Disclaimer: These boys don’t belong to me and this is all totally fake
Authors notes: Another prompt written for the anon list. I do so many of them but this one jumped out at me right away and I just had to do it.
Ryan sees feathers. No, no, there are some pieces missing. The first time Ryan sees Jon he sees feathers. Bright, white, soft feathers that arch out and glow in the light of the mid afternoon sun. Ryan blinks, once, twice, he rubs the back of his palm across his nose.
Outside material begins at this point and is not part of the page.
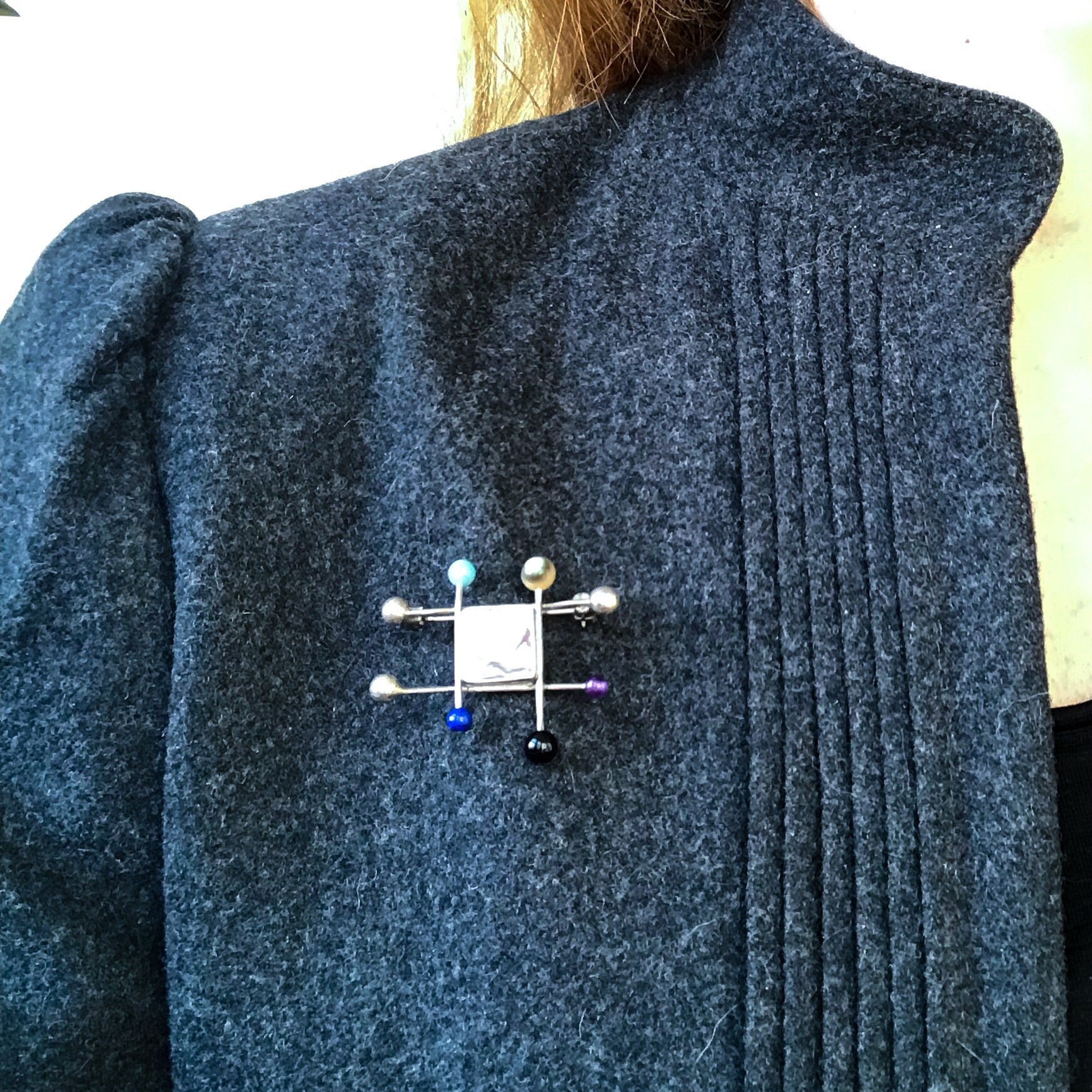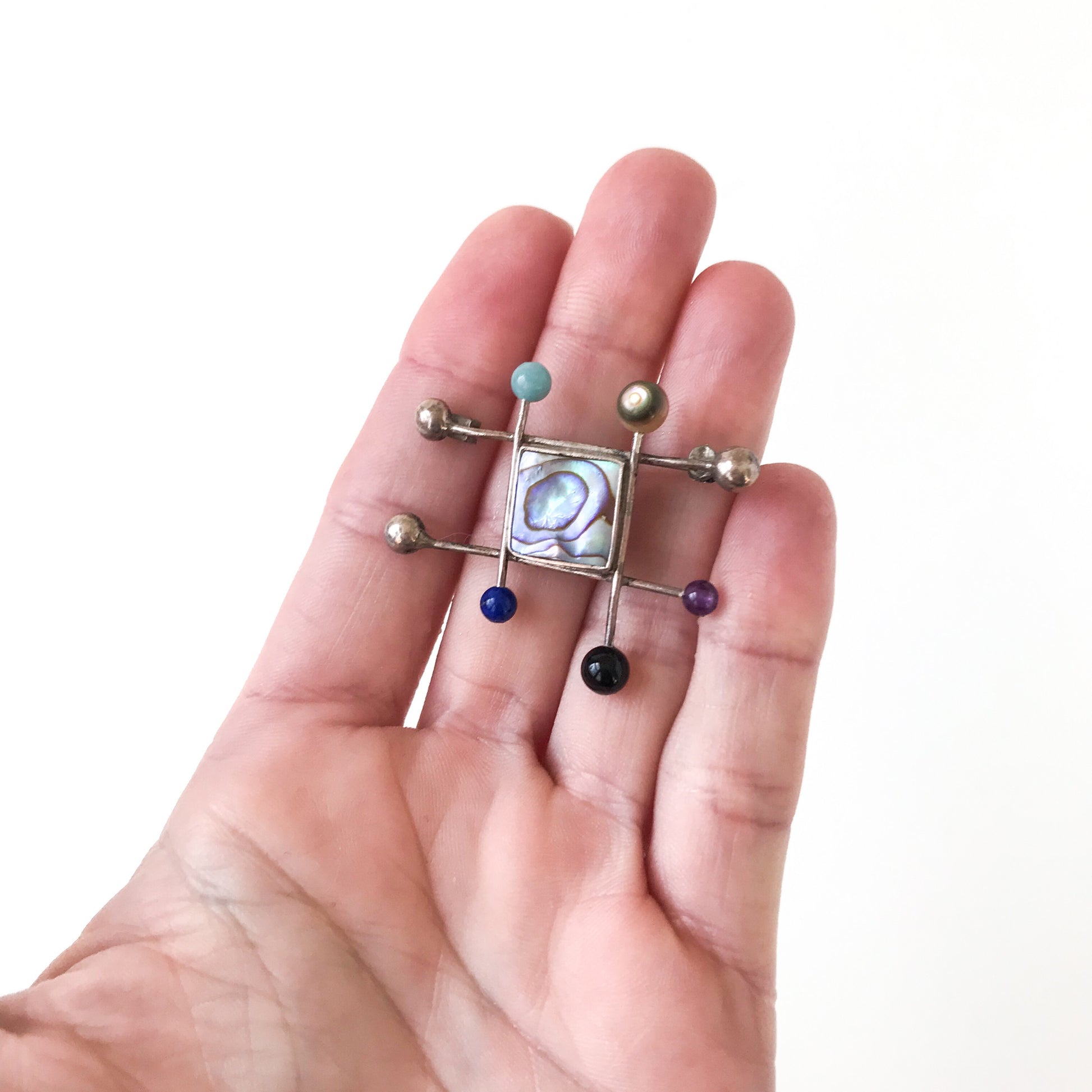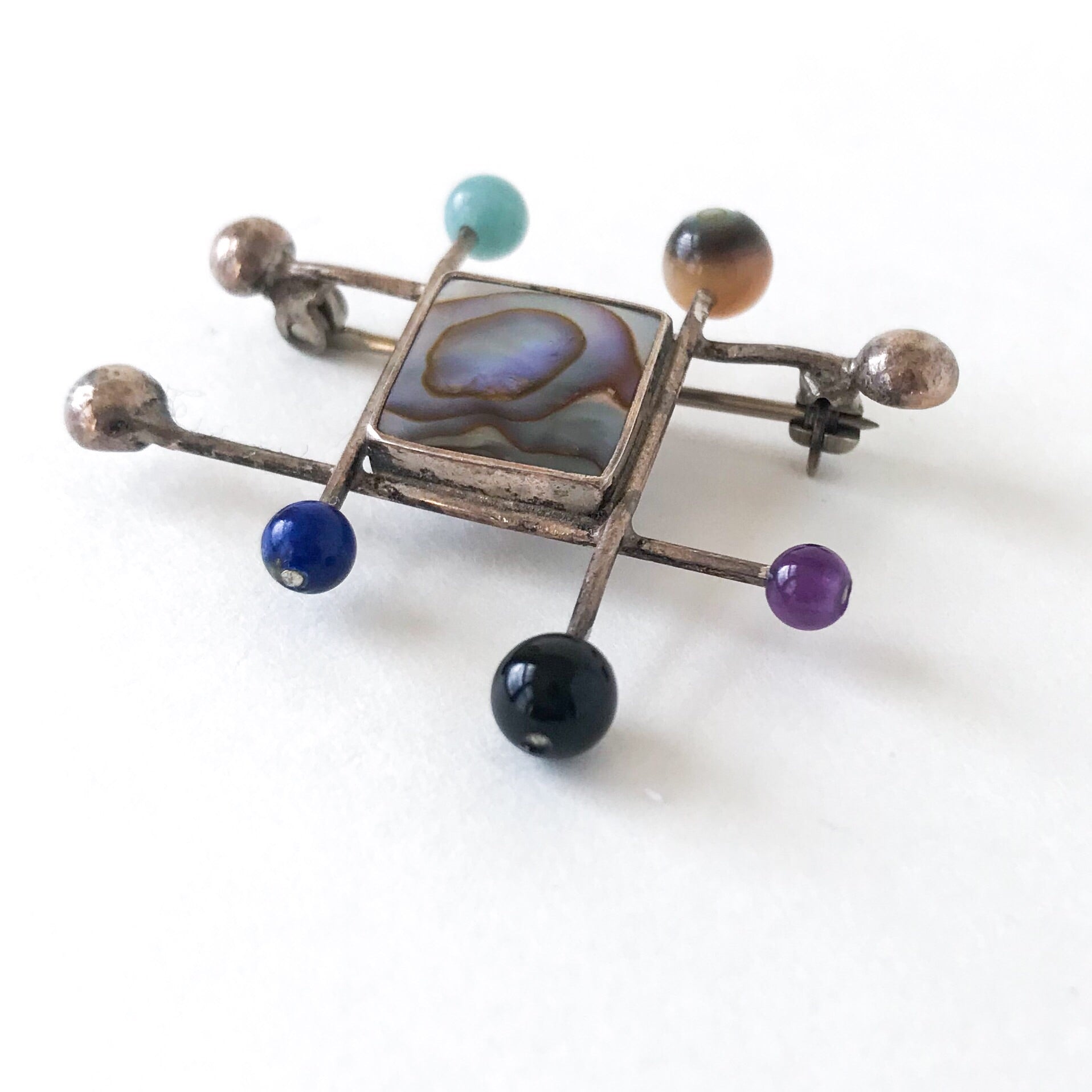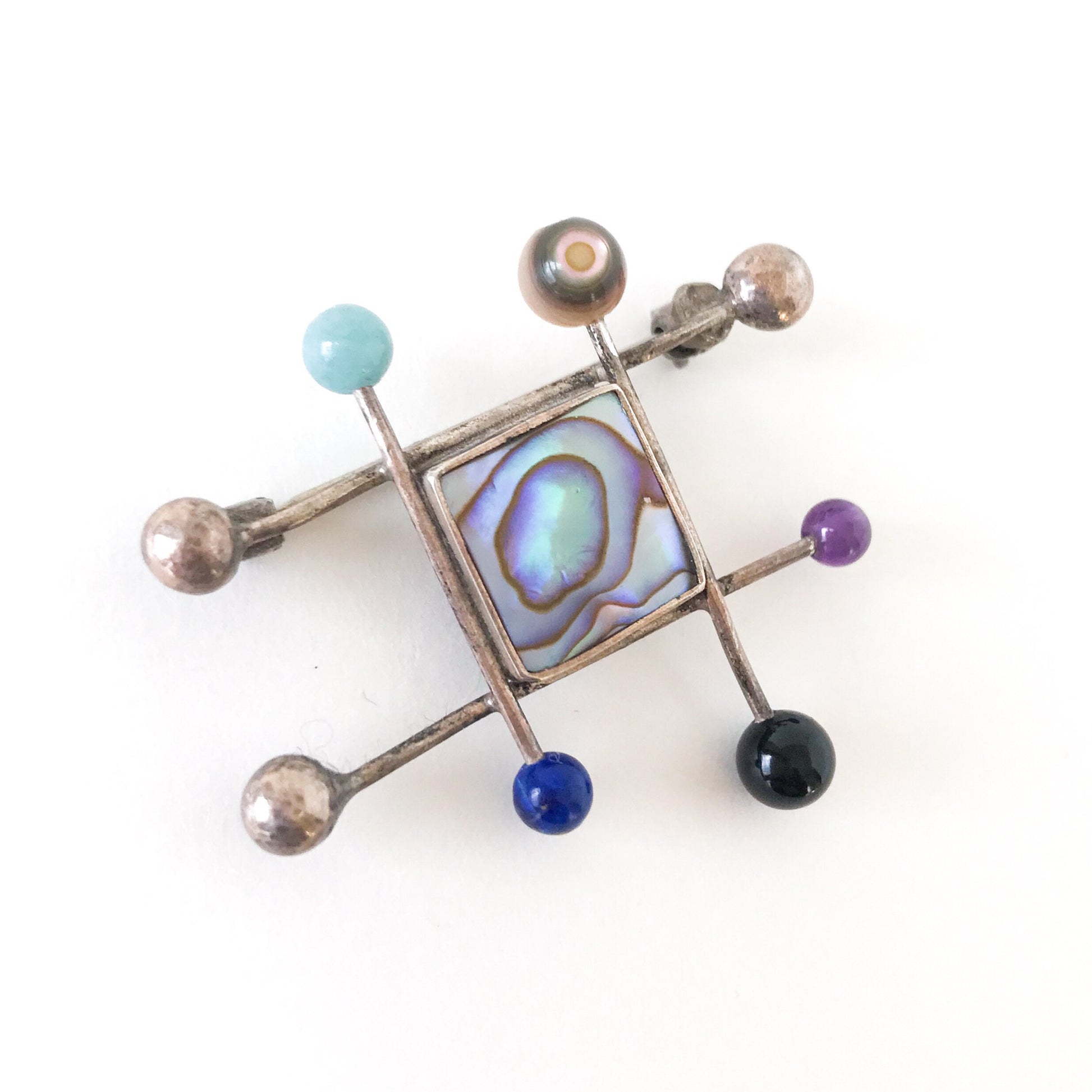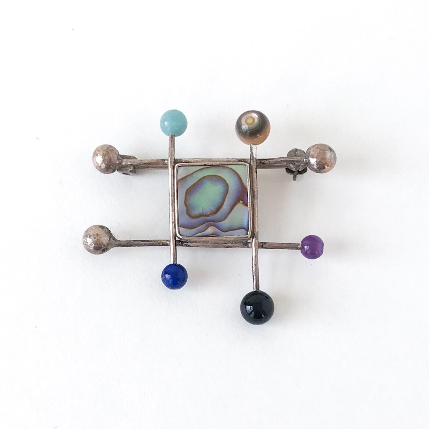 This Memphis era brooch was made by Great Falls Metalworks circa 1990. The fun geometric design features a central piece of abalone with lapis lazuli, onyx, amethyst, shell and aventurine orbs at the terminals. Graphic and interesting when worn with great pops of color!

Jon smiles across the room.
Ryan thinks it must be a side effect of the cocaine.
Back home and Ryan’s with the only person who can really understand him. He waves to that person in the little grimy mirror but he only catches a glimpse of his jaw, white spots like snowflakes on his upper lip. Ryan wipes off the little square of glass on the hem of his shirt and tries to catch sight of his own eyes.
Dark, heavy, foreign.
The phone rings jarringly loud in the echoing silence of his house. Ryan thinks maybe Spencer, maybe Brendon, maybe Alex, someone, anyone who cares. He answers.
A calm voice, the voice of god, Ryan thinks.
“I want to help you,” God says.
Ryan pushes the heavy curtain of bangs that are beginning to curl over his forehead. There’s a calendar hung up on the wall to Ryan’s left, little red circles of dates that used to hold a purpose. Ryan can’t remember what they mean anymore, Alex might’ve left them behind.
“You’re very late. Where were you when I really needed you?” Ryan croaks out. All the times with his dad, when Panic was falling apart, when Alex Greenwald offered him coke for the first time, when everyone abandoned the hollow shell of what was once Ryan Ross. Where was God then?
God says that his name is Jon. Ryan tells him that it’s too average a name for someone as supposedly ‘powerful’ as god. Ryan maybe quotes Mad as Rabbits, the short story he had once started writing, a little and he maybe laughs at his own reference but God…Jon…doesn’t find it as humorous.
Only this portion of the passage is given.